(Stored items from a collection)
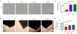 Neurogenesis is linked to angiogenesis in the ischemic brain. New blood vessels in the ischemic brain provide scaffolds to draw neuroblasts to the ischemic boundary region. Additionally, activated cerebral endothelial cells in angiogenic vessels secrete cytokines to attract neuroblasts to the region. The blockage of stroke-induced angiogenesis reduces neurogenesis (4,5). To evaluate the effect of Sal B on microcirculation in MCAO rats, we evaluated capillary density in vivo by CD31 immunohistochemistry. Ischemic stroke in rats substantially diminished vessel density at 3 weeks after surgery; however, Sal B administration increased the vessel density (Figure 4A,4B). Meanwhile, an aortic ring angiogenesis assay was performed to further assess the pro-angiogenesis effect of Sal B. The number of sprouts of aortic rings cultured with serum from MCAO rats was significantly inhibited under hypoxia, while serum from Sal B increased sprouts of aortic rings under hypoxia (Figure 4C,4D).
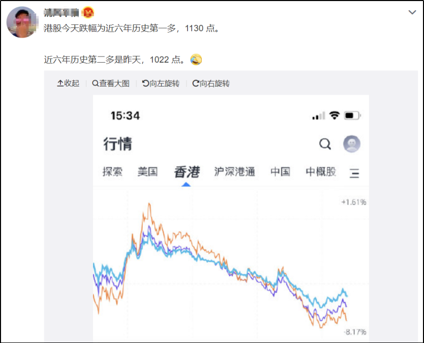港股今天跌幅為近六年曆史第一多。
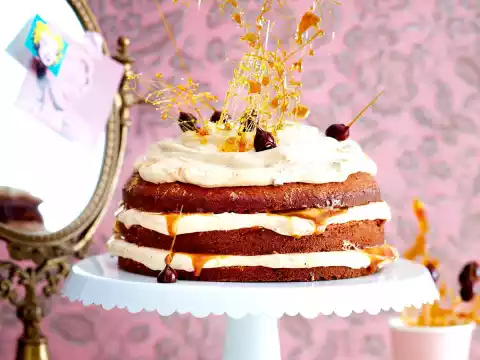 Cover with the cake lid and press down lightly. Add the rest of the cream. Chill for about 1 hour. Decorate with caramel lattice and beans or gold powder as desired shortly before serving.
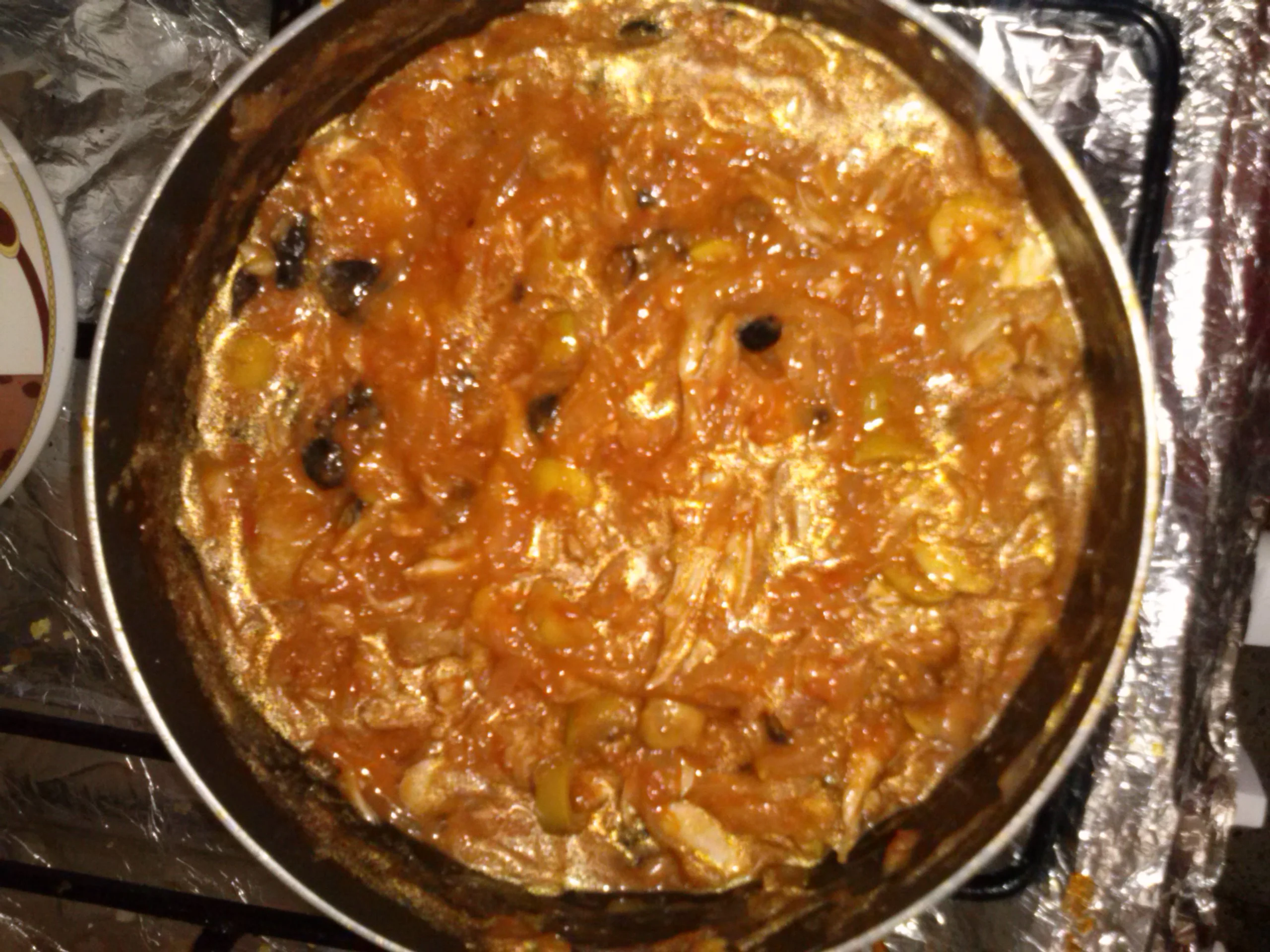 المقادير الحشو واش عندك جاج 3بصل مقطع طويل 3طماطم مرابية ملعقة كبيرة طماطم مصرة زيت ملح فلفل أسود عكري شوية قرفة راس الحانوت زيتون أسود مقطع زيتون بلاغظم مقطع فرماج
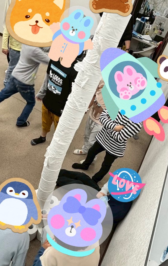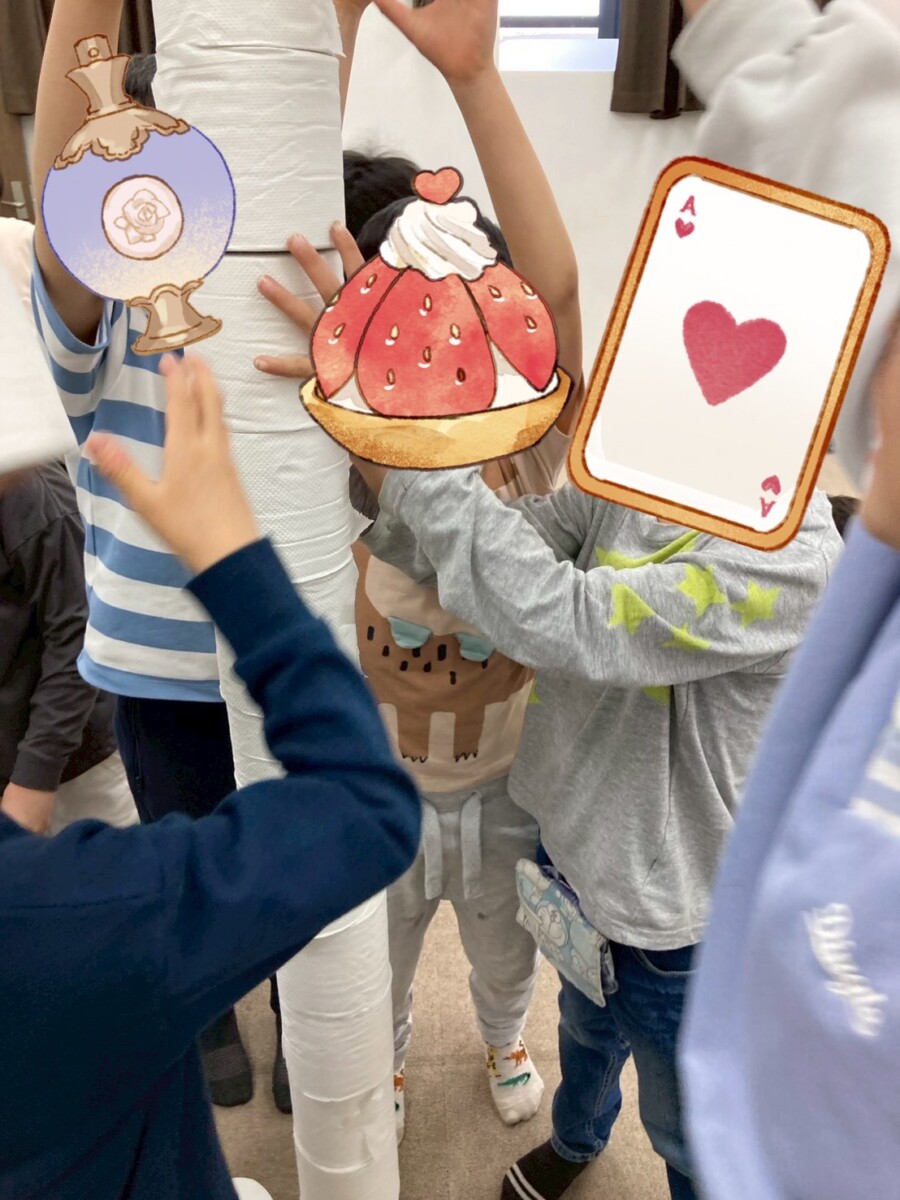 子どもたちの中には、「ここを押さえていて」「土台を作ろう」と声をかけながらやるグループや、工夫を凝らして椅子を使って自分の身長より高く積めていたグループもあり、自分たちで役割分担もきっちりできている様子を見て「こんなにできるんだ」と普通に驚いてしまいました。
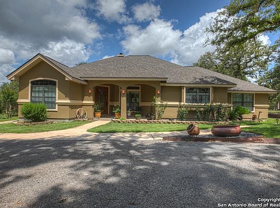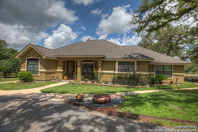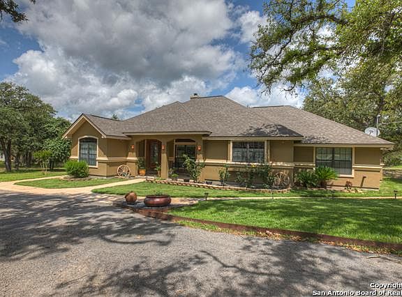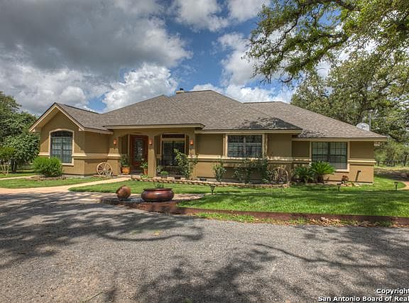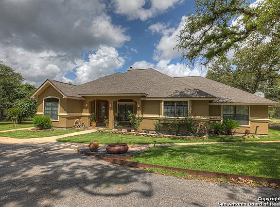 Gorgeous & spacious w/5 acres to enjoy! Grand entry with a study that can be used as a 4th bedroom. Gourmet kitchen w/Viking 6-burner gas stove & GE monogram vent & double oven. Stone pillars offer a decorative flair. Large kitchen island, walk in pantry & stone breakfast bar w/granite countertops. Master bedroom has outside entry to large covered patio. Jack & Jill bathroom separate 2nd & 3rd bedrooms. Surround sound w/built in speakers in living room and outdoor patio. Drive thru Barn with 30x48 horse stalls and implement/equipment storage. Fenced in property with circular driveway. Keypad entry gate for added security. Refrigerator conveys as an added bonus! Washer and Dryer do not convey. Convenient 10' x 14' shed for outside storage. Great 10' x 10' covered dog kennel. Abundant wildlife!
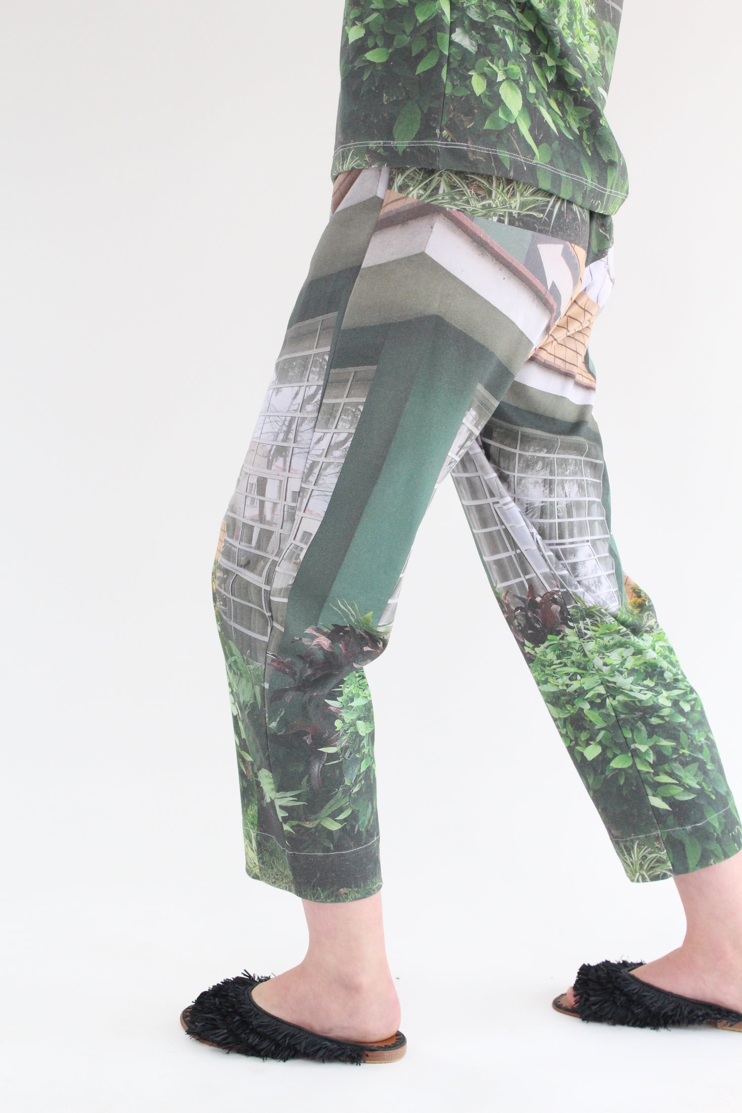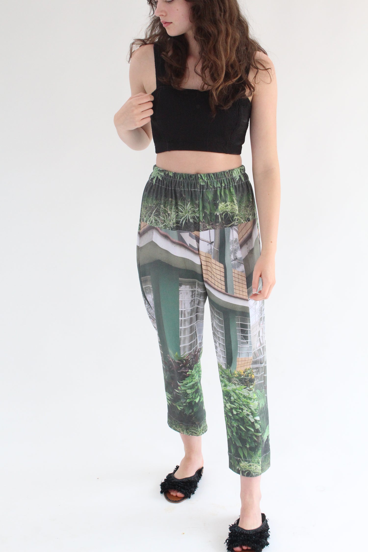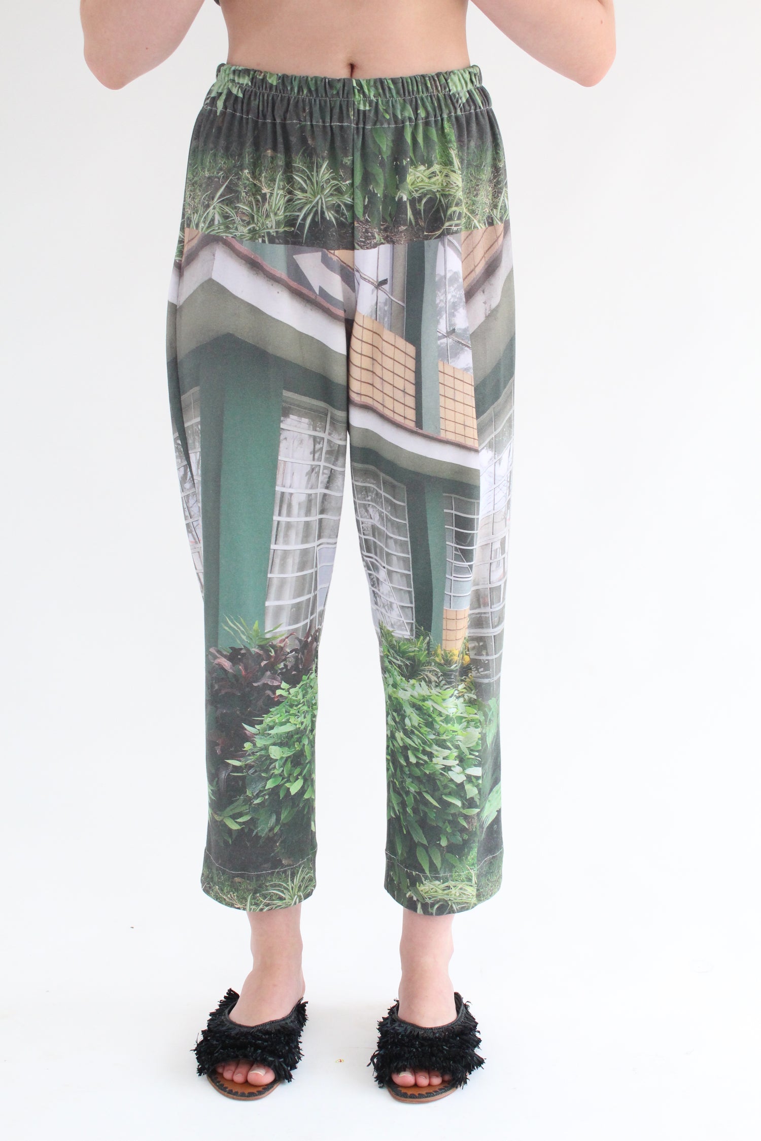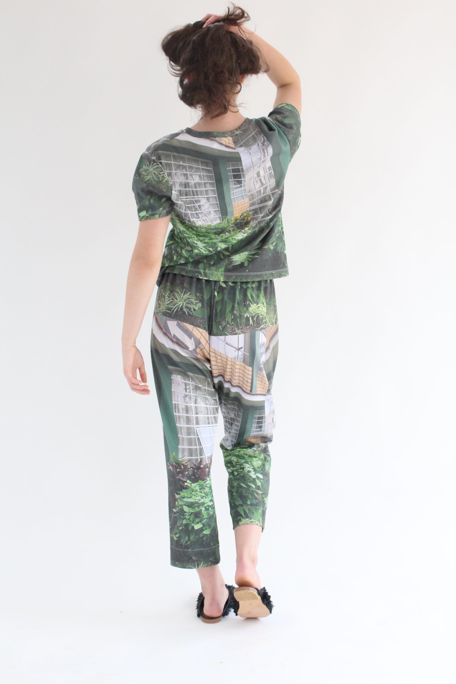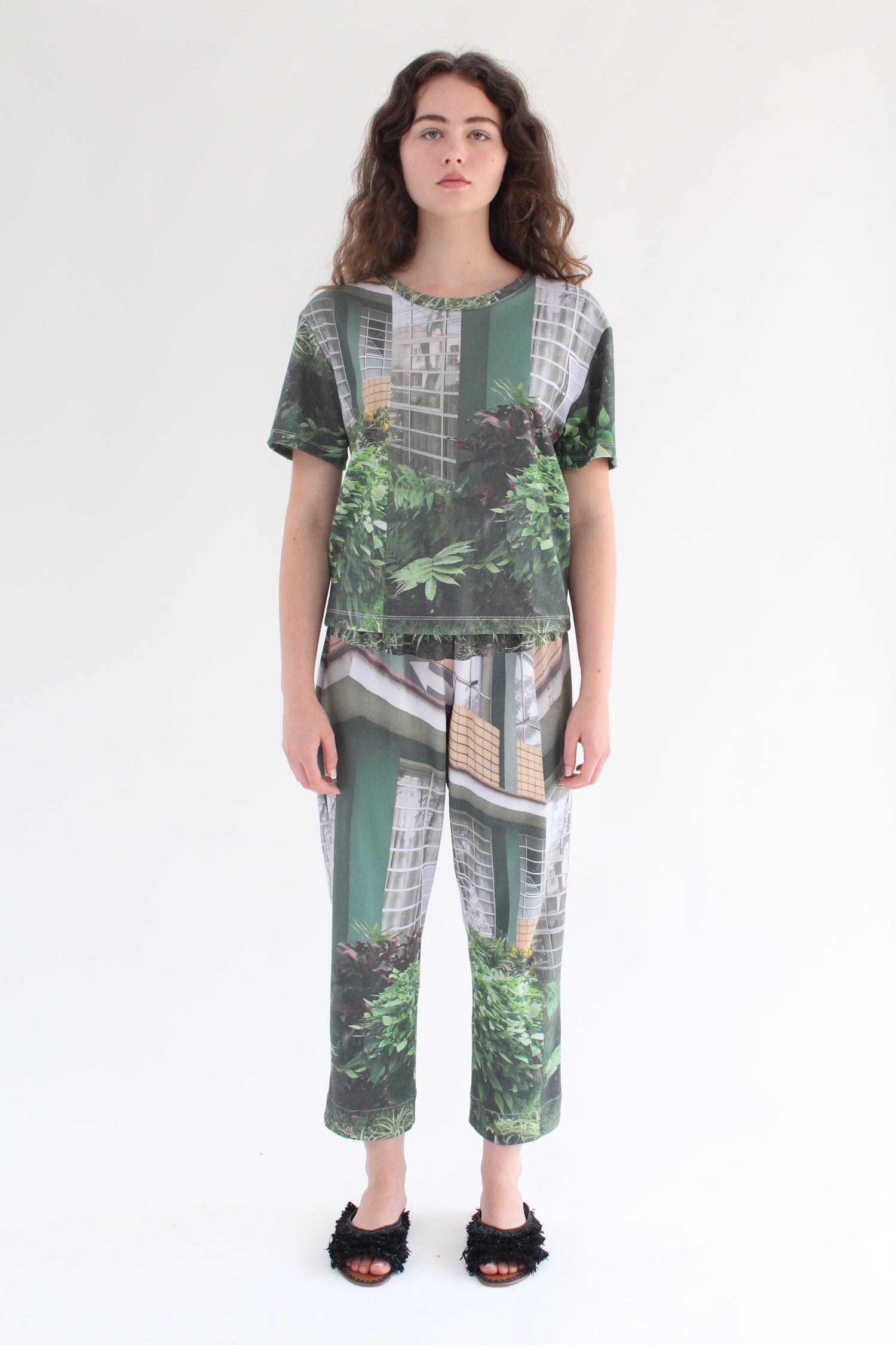 100% Organic cotton jersey, limited edition Lima Building print 2020. Slightly cropped, to be worn at true waist, loose drape fit. Model is wearing a small/medium. Total length form waist to hem is 36.5".

Directions for this task — Starting at the line that contains "Gorgeous & spacious" and ending with the last line of the data, transcribe every line exactly; skip the pictures.

Completed exercise —
 Gorgeous & spacious w/5 acres to enjoy! Grand entry with a study that can be used as a 4th bedroom. Gourmet kitchen w/Viking 6-burner gas stove & GE monogram vent & double oven. Stone pillars offer a decorative flair. Large kitchen island, walk in pantry & stone breakfast bar w/granite countertops. Master bedroom has outside entry to large covered patio. Jack & Jill bathroom separate 2nd & 3rd bedrooms. Surround sound w/built in speakers in living room and outdoor patio. Drive thru Barn with 30x48 horse stalls and implement/equipment storage. Fenced in property with circular driveway. Keypad entry gate for added security. Refrigerator conveys as an added bonus! Washer and Dryer do not convey. Convenient 10' x 14' shed for outside storage. Great 10' x 10' covered dog kennel. Abundant wildlife!
 100% Organic cotton jersey, limited edition Lima Building print 2020. Slightly cropped, to be worn at true waist, loose drape fit. Model is wearing a small/medium. Total length form waist to hem is 36.5".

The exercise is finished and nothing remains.